Tail Latency
The high-percentile response times (p99, p99.9) that affect the slowest requests. A system with 10ms median but 2s p99 latency feels slow for 1 in 100 users.
What is Tail Latency?
The high-percentile response times (p99, p99.9) that affect the slowest requests. A system with 10ms median but 2s p99 latency feels slow for 1 in 100 users.

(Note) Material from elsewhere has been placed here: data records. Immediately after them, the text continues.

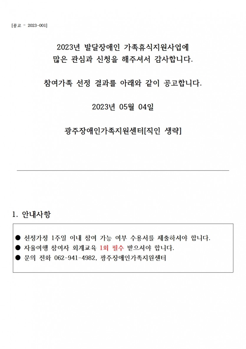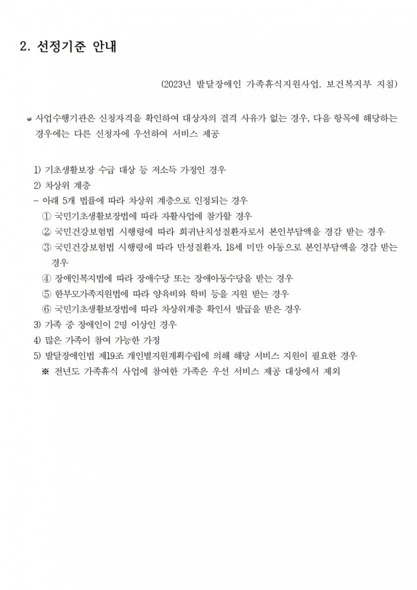 공지사항 2023년 발달장애인 가족휴식지원사업 선정 안내
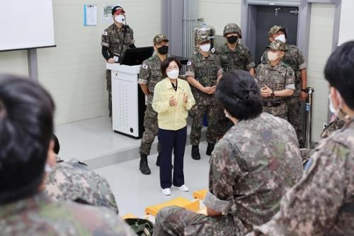 ±èº¸¶ó ½ÃÀåÀº ¿µ»ó ¸ðÀÇÈÆ·ÃÀå, ½Ã°¡Áö ±³ÀüÀå, »ç°ÝÀå µî ÈÆ·Ã½Ã¼³À» µÑ·¯º¸°í ¿½ÉÈ÷ ÈÆ·ÃÇϰí ÀÖ´Â ¿¹ºñ±ºµéÀ» °Ý·ÁÇß´Ù. ¡°¿¹ºñ±ºµéÀÇ ºÒÆí»çÇ×À» »ìÆìº¸°í, °³¼±ÇÒ Á¡Àº ¹«¾ùÀÎÁö ÀǰßÀ» µè°í ½Í¾î ÇöÀåÀ» ¹æ¹®Çß´Ù. ³¯¾¾µµ ¹«´þ°í °¢ÀÚ »çȸÀÎÀ¸·Î¼ ¹Ù»Ú½Ç ÅÙµ¥µµ ÈÆ·ÃÀÌ ÀÖ´Ù´Â ±¹°¡ÀÇ ºÎ¸§¿¡ ¾î±è¾øÀÌ ´Þ·Á ³ª¿Í ÃÖ¼±À» ´ÙÇØÁÖ°í °è½Ã´Â ¿¹ºñ±º ¿©·¯ºÐ²² °¨»çµå¸°´Ù¡±°í ÀüÇß´Ù.
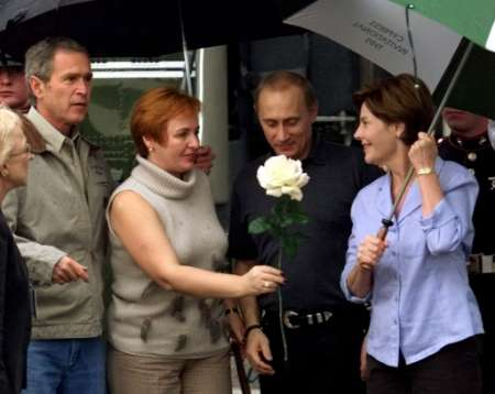 2001年11月,普京受邀访问美国,并成为小布什上任后第一位到访其私宅克劳福德农场的外国领导人,两国第一夫人以鲜花致意。在此期间,普京还亲自下厨。
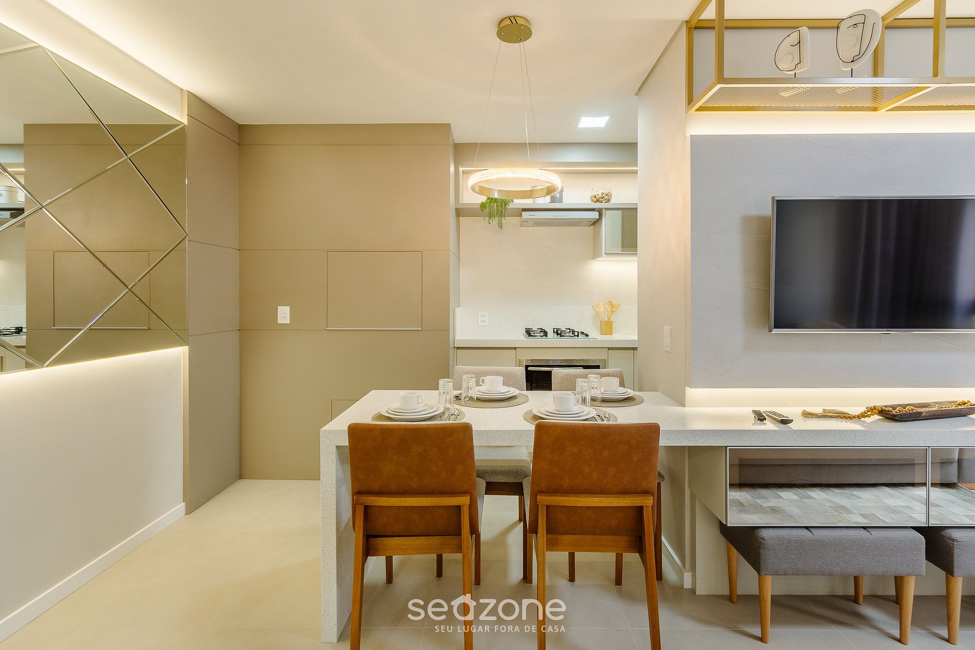 - Espaço para jantar com bancada e 4 cadeiras;
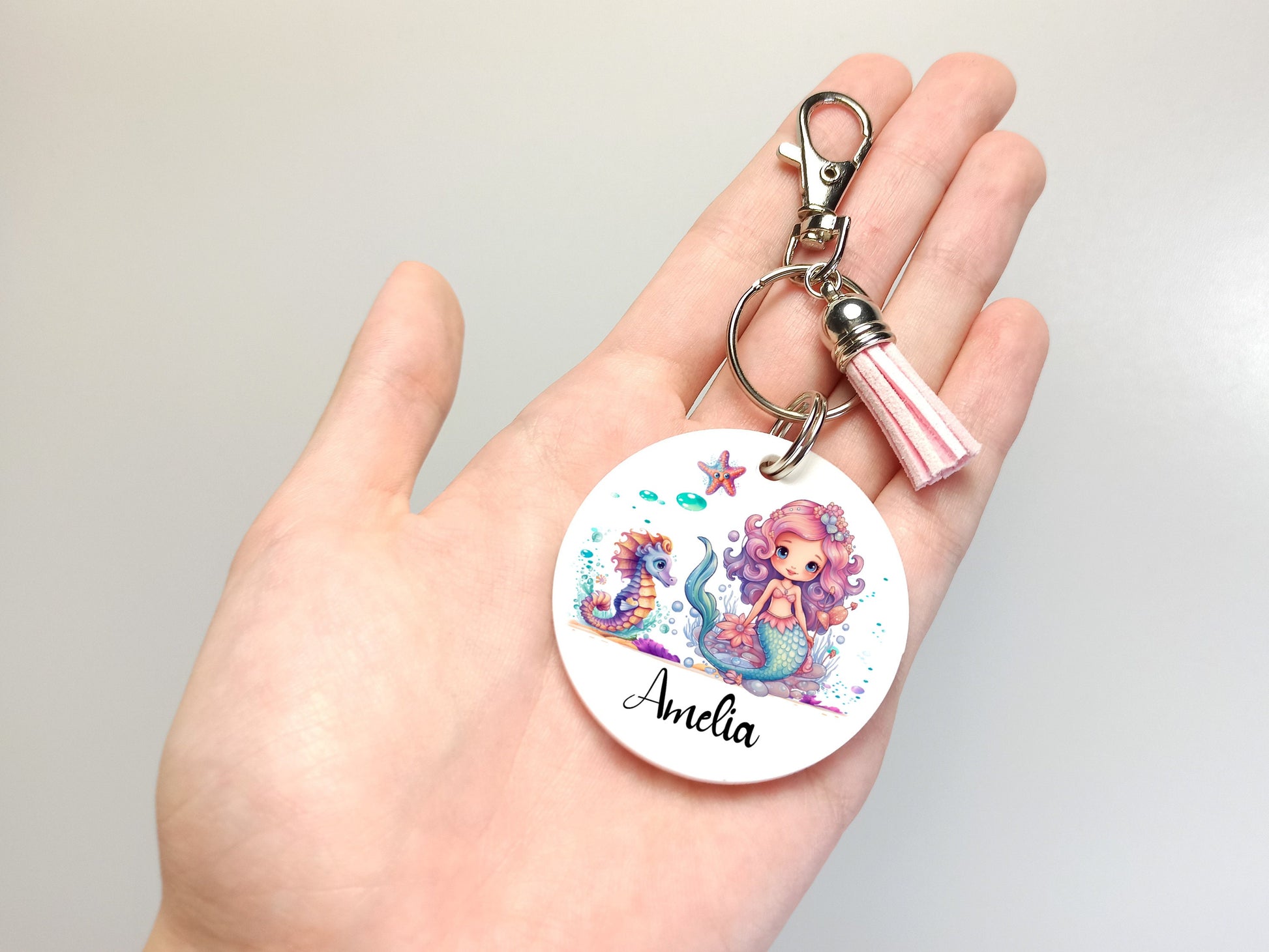 Mermaid Bag tag Personalised Keyring, School bag tag
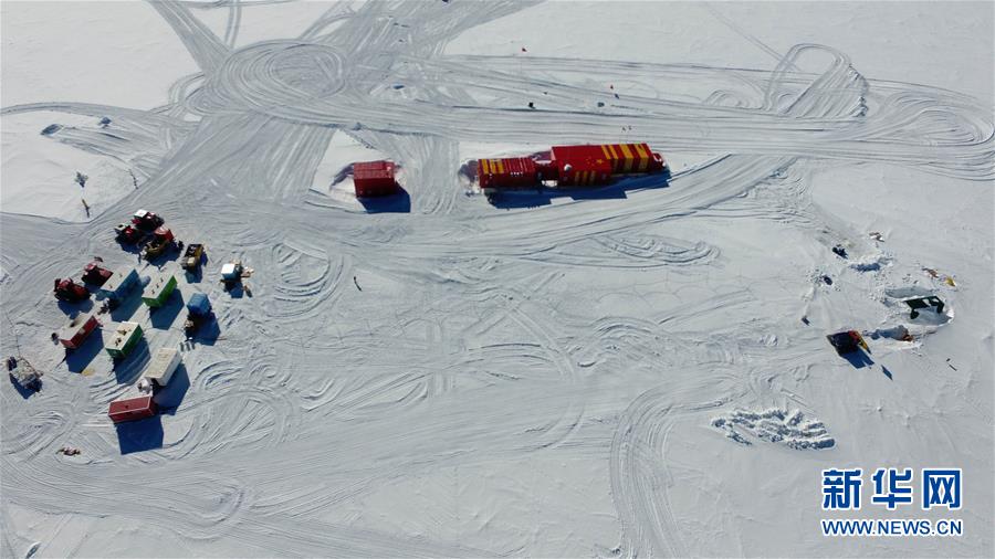 1月13日無人機(jī)拍攝的中國第35次南極科考隊(duì)昆侖隊(duì)營地(左)、昆侖站(中)與深冰芯房。 新華社記者 劉詩平 攝
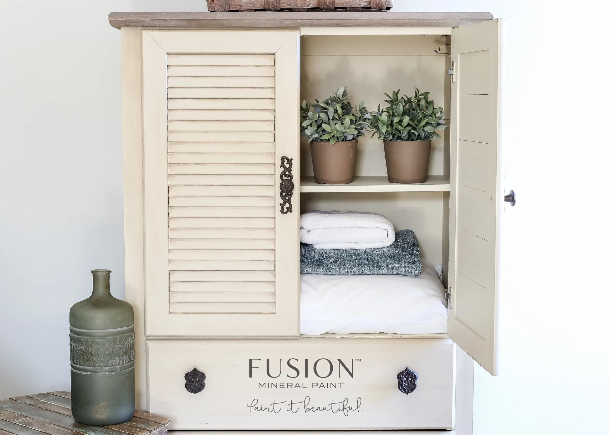Note: Priming is usually not necessary with Fusion Mineral Paint. For bleed-through or knots, use Zinsser BIN Shellac-based primer. For dark-to-white transitions, use a mid-tone colour like Sterling as a primer.
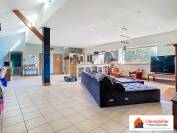 Un grand garage jouxte la maison, avec au-dessus un vaste grenier offrant un volume de stockage important.
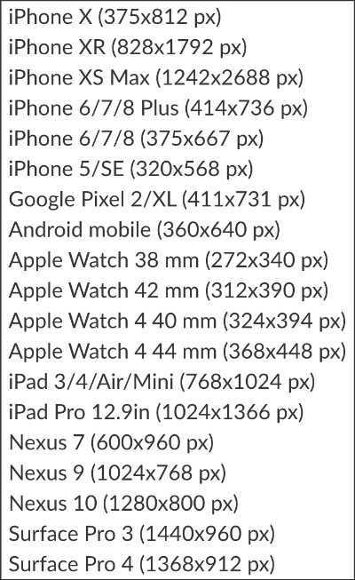 - Devices is a collection of templates for popular mobile devices. If you don’t know the iPhone X screen size, open the Devices drop-down and it there.
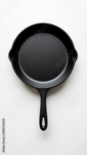 Cast iron skillet with black handle on white background with diagonal gray stripe.
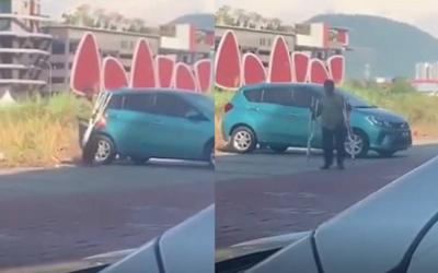 [V] Nampak sihat sempurna... Peminta sedekah didakwa kencing belakang Myvi kantoi ‘steady’ berjalan pegang tongkat
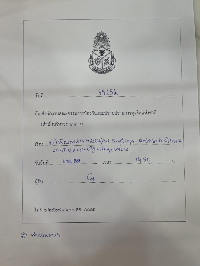 เมื่อวันที่ ๖ พฤศจิกายน ๒๕๖๘ นายวัชระ เพชรทอง อดีต ส.ส.พรรคประชาธิปัตย์ ได้เดินทางเข้ายื่นหนังสือร้องเรียนต่อ นายสุชาติ ตระกูลเกษมสุข ประธาน ป.ป.ช. เพื่อขอให้ดำเนินการสอบสวนและถอดถอน นายอนุทิน ชาญวีรกูล นายกรัฐมนตรีและรัฐมนตรีว่าการกระทรวงมหาดไทย ออกจากตำแหน่งโดยเร็วที่สุด
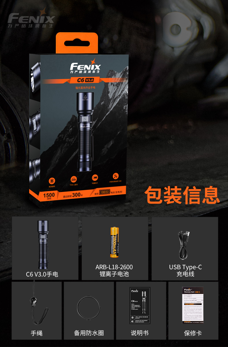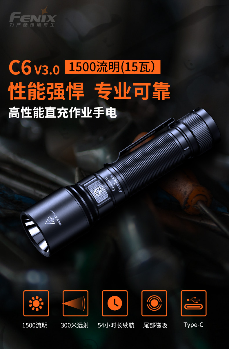 Fenix菲尼克斯C6 V3.0手电筒强光远射磁吸工作灯
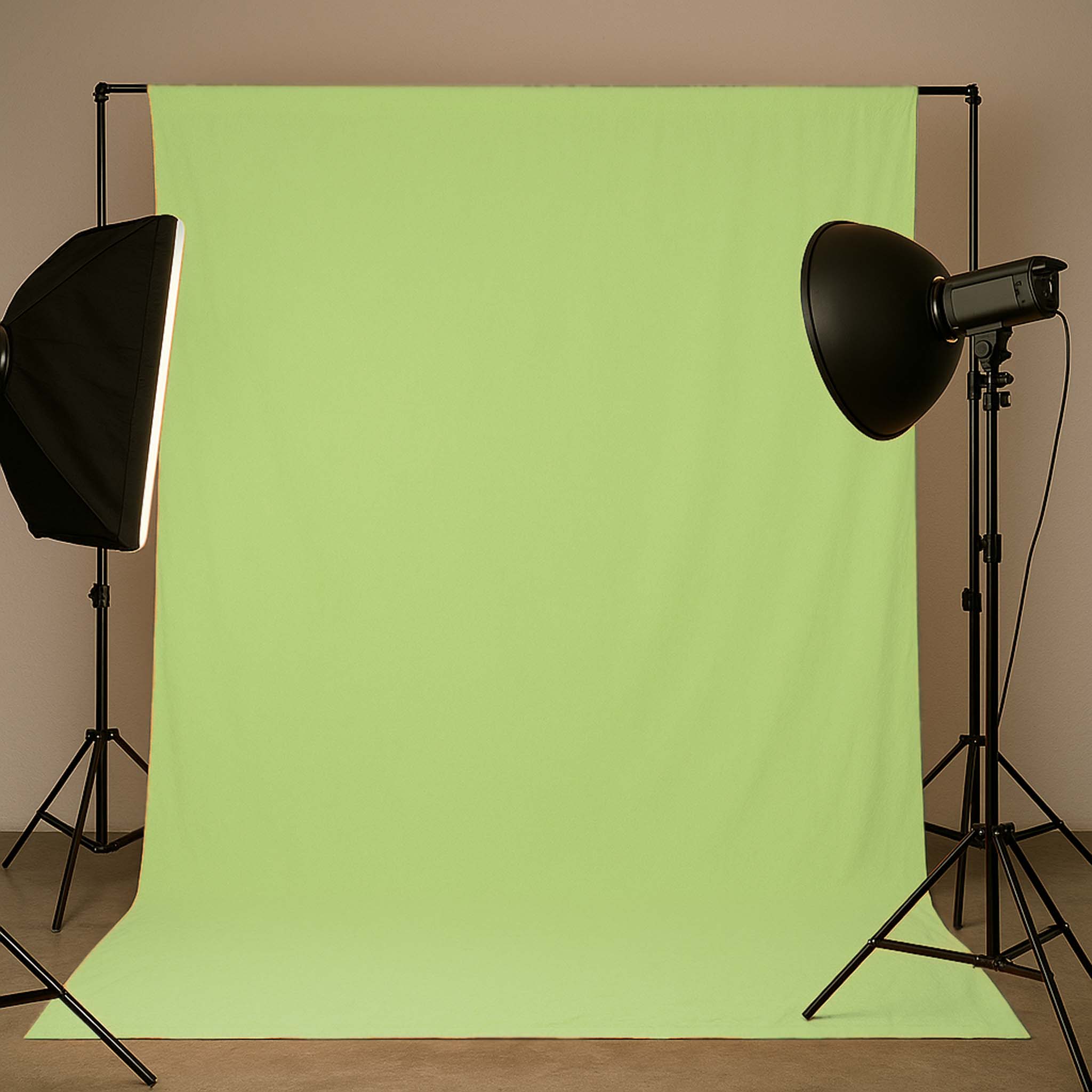žlutozelené barvě se dodává kompaktně složené. Vzniklé záhyby lze v případě potřeby vyžehlit. Tloušťka látky je 140 g/m2, a proto nabízí dostatečnou neprůhlednost pro většinu aplikací. Pokud to nestačí, doporučujeme použít silnější látkové pozadí nebo kartonové pozadí. Látkové pozadí není vhodné pro podvodní fotografii.
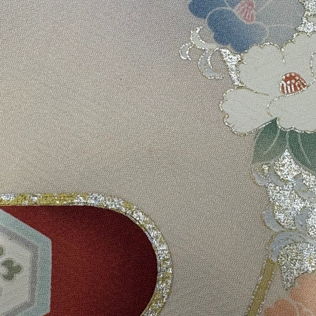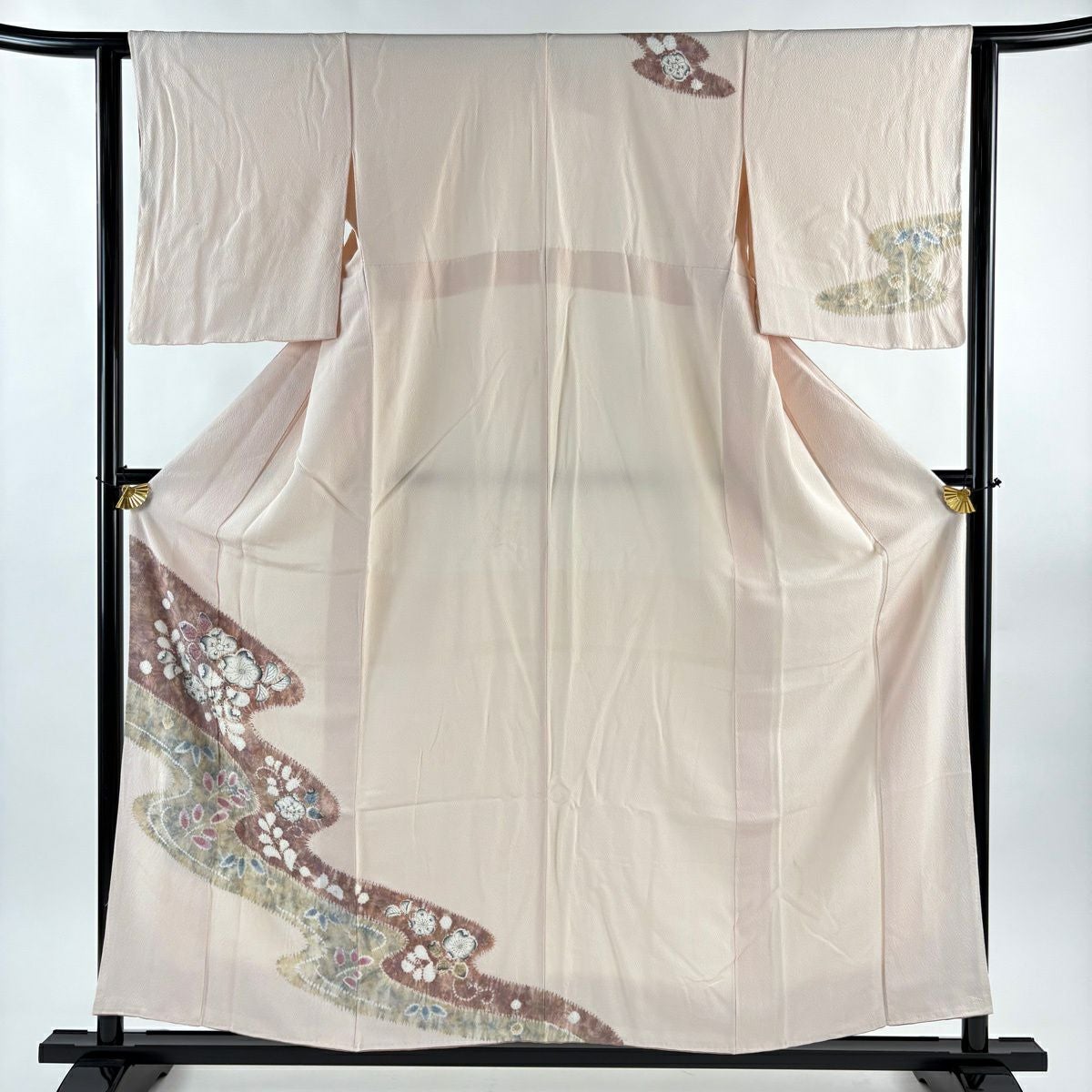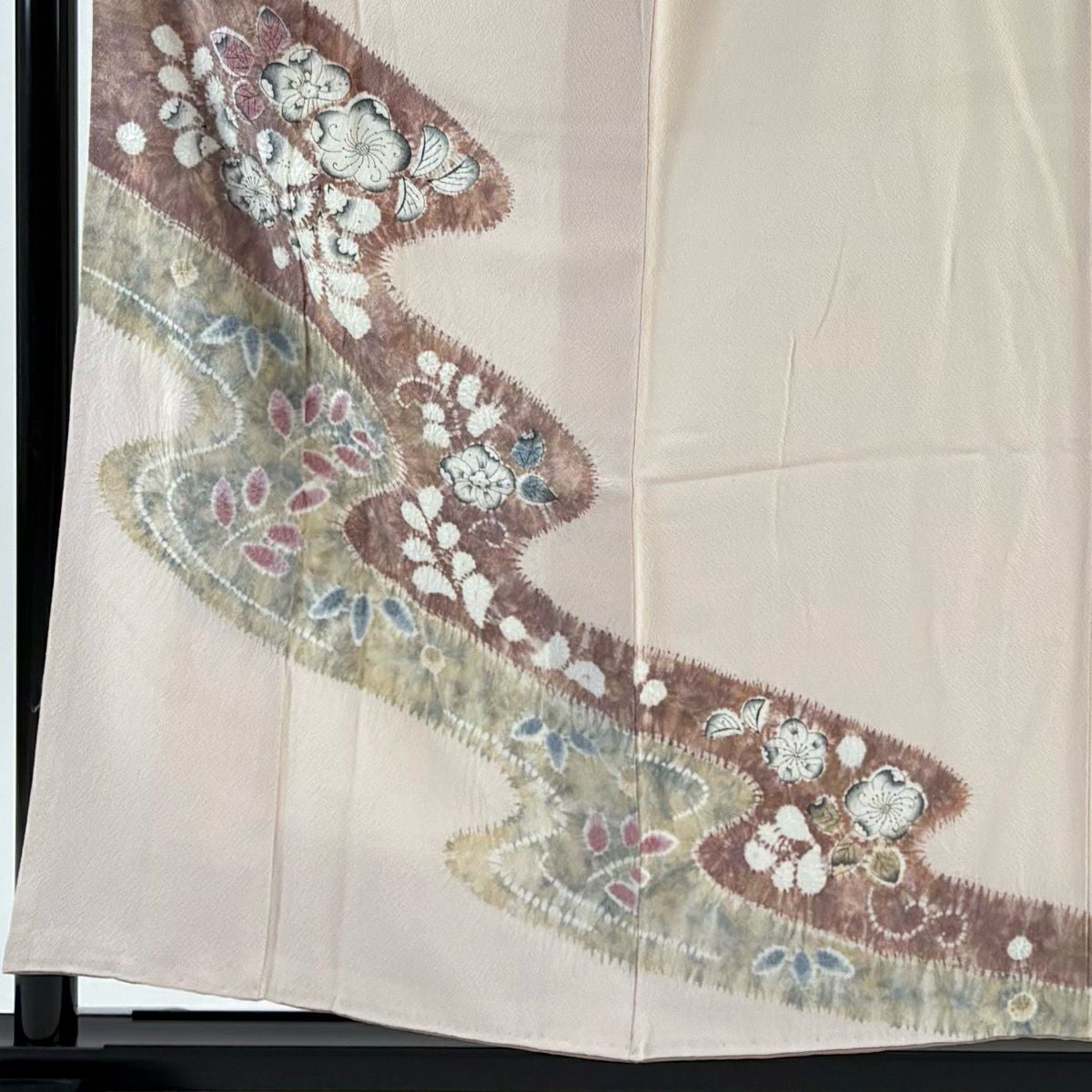70%OFF 付下げ 身丈152.5cm 裄丈65cm M 袷 落款あり 牡丹 京櫻 薄黄土色 正絹 秀品 K70

Tail Latency is a advanced concept that sits in the Reliability & Resilience area of system design. Engineers reach for it whenever they need to reason about real-world trade-offs in that space — not just for textbook correctness, but because real production systems at companies like Netflix, Amazon, and Google make these decisions every day.
If you want to go deeper than this definition — with diagrams, code, and a quiz to lock it in — work through the "Tail Latency" lesson linked below. It walks through the why, the mechanism, the trade-offs, and how the giants actually use it in production.
Learn Tail Latency in depth
Full interactive lesson with diagrams, code examples, real-world references, and a quiz.
Open the Tail Latency lessonSee also
Related glossary terms you might want to look up next.
Latency
The time delay between sending a request and getting a response. Amazon found every 100ms of extra latency costs 1% in sales.
SLI
Service Level Indicator: a quantitative measure of service behavior, like the proportion of requests faster than 300ms. The raw metric that feeds SLOs.
Metrics
Numerical measurements collected over time that describe system behavior: request rate, error rate, latency percentiles, CPU utilization. Prometheus is the standard collector.